■ Task
Check every line of the listing below for "that", and report how many lines have it, as a number with nothing more.

_____

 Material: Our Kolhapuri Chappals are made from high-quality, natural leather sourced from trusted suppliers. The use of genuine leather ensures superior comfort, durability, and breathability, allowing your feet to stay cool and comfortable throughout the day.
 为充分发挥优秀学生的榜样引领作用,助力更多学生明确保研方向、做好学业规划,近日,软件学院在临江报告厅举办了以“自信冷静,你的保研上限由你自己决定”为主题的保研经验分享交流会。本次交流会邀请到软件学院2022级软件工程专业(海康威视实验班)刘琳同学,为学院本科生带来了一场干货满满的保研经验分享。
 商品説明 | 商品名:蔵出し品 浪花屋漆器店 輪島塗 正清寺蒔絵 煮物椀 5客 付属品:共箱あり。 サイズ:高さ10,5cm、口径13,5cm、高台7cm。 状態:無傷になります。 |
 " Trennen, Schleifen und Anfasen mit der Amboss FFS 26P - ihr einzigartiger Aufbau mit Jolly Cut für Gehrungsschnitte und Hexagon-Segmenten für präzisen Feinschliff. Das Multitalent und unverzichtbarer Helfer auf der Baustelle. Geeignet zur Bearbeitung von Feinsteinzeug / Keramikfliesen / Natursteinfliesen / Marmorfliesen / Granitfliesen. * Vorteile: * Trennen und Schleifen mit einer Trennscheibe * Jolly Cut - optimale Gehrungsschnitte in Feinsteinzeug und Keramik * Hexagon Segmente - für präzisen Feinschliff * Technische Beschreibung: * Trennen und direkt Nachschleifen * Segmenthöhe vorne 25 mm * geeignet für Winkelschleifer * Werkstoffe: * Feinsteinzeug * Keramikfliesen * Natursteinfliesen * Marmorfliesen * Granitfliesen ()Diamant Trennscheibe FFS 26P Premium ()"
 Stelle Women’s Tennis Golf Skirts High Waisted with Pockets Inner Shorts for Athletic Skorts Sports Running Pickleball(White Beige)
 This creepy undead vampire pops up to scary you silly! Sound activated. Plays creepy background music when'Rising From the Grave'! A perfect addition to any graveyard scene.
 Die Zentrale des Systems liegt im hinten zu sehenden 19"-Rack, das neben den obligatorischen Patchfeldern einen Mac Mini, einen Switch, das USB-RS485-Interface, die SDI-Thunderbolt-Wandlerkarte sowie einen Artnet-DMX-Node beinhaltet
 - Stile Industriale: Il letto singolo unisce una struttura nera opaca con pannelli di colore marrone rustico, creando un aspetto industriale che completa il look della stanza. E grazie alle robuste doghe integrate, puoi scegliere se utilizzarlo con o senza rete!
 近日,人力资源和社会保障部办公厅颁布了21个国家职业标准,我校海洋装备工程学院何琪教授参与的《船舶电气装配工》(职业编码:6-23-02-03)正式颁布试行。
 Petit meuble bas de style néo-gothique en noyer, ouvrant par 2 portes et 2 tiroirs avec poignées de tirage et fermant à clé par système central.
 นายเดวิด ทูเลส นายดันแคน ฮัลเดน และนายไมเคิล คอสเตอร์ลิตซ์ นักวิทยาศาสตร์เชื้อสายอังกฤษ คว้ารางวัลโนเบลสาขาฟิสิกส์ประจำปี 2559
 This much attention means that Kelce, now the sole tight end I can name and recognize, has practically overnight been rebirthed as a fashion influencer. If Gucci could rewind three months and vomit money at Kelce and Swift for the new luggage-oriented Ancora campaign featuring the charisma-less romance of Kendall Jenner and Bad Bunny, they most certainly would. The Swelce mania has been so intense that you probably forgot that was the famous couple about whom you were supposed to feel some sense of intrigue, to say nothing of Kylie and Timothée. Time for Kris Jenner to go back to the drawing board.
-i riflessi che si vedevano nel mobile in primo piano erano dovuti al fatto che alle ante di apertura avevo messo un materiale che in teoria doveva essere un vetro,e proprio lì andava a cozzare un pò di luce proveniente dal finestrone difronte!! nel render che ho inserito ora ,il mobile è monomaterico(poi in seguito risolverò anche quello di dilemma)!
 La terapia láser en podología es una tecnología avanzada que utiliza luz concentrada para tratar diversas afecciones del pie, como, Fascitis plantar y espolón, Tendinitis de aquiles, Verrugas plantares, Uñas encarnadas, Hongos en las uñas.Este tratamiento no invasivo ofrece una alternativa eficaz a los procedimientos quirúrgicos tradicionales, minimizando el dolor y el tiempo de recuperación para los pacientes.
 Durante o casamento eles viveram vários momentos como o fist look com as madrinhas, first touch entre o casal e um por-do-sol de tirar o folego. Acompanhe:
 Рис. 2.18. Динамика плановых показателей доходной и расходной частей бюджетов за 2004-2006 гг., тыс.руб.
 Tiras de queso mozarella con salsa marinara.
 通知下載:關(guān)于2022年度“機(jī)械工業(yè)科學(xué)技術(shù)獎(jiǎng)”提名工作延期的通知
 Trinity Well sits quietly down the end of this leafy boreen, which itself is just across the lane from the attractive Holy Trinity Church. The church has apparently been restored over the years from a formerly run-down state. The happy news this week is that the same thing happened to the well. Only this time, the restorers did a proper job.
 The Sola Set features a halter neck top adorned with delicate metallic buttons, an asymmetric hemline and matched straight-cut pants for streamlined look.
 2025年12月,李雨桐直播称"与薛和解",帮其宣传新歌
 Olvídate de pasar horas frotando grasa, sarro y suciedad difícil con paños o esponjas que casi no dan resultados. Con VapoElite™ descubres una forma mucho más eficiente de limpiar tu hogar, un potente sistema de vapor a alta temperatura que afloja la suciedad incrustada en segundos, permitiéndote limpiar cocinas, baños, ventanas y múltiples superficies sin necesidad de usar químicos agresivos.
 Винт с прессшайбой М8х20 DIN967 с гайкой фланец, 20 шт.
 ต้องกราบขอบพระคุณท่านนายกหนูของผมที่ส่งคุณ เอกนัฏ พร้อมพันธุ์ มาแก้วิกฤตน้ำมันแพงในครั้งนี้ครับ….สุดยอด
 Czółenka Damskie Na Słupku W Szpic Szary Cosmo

_____

■ Problem solution
2